French playwright and goguettier (1771–1853)

Sewrin, real name Charles-Augustin Bassompierre, (9 October 1771 – 22 April 1853) was a French playwright and goguettier. In addition to his writing of comedies, opéras-comiques, vaudevilles and songs, he also was a librettist for François Adrien Boieldieu, Ferdinand Hérold and Luigi Cherubini.

== Biography ==
Charles-Augustin Bassompierre was born 9 October 1771 in Metz, a French fortress in the Three Bishoprics. Soon after the Révolution, the young Charles-Augustin moved to Paris. In 1802, he was one of the eleven singers individually named, with three musicians, as members of the goguette Les Déjeuners des garçons de bonne humeur.

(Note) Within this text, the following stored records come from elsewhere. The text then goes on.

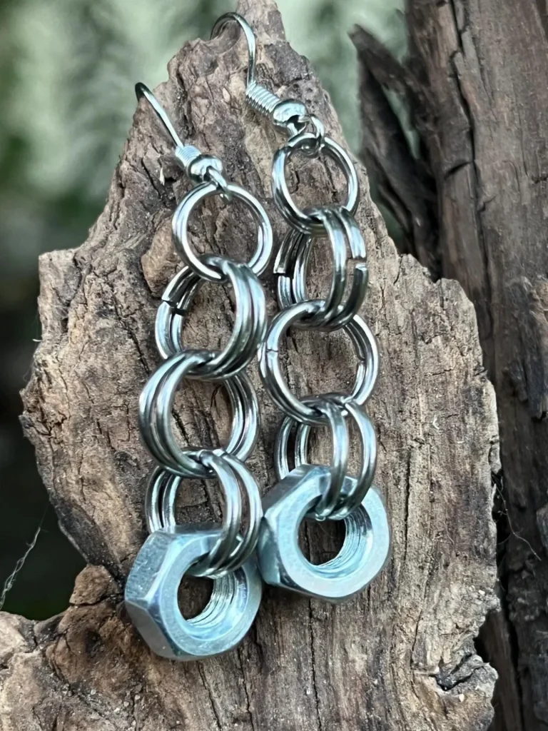 Diese Ohrringe sind was ganz besonderes. Sie werden von mir im keltischen Stil aus einzelnen Ringen "gewoben". Das nennt man auch "Kettenweben" aka "Chainmailing". Als kleines Extra sehen sie total chic & edgy mit der Mutter aus!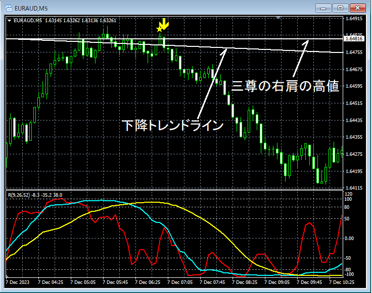 下降トレンドラインと三尊の右肩とmBDSR(RCI2本フィルター)の戻り売りサイン
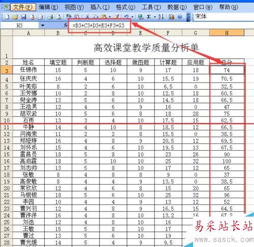 2、可以看到總成績那一列的數(shù)據(jù)使用公式生成的。

A prolific author, from 1793 to 1825, he wrote libretto for operas comiques, vaudevilles, comedies and impromptus, alone or in collaboration with René de Chazet and Dumersan, as well as poems and novels. Appointed archivist secretary at Les Invalides under the Bourbon Restauration regime, he lost his position in 1830 with the fall of Charles X.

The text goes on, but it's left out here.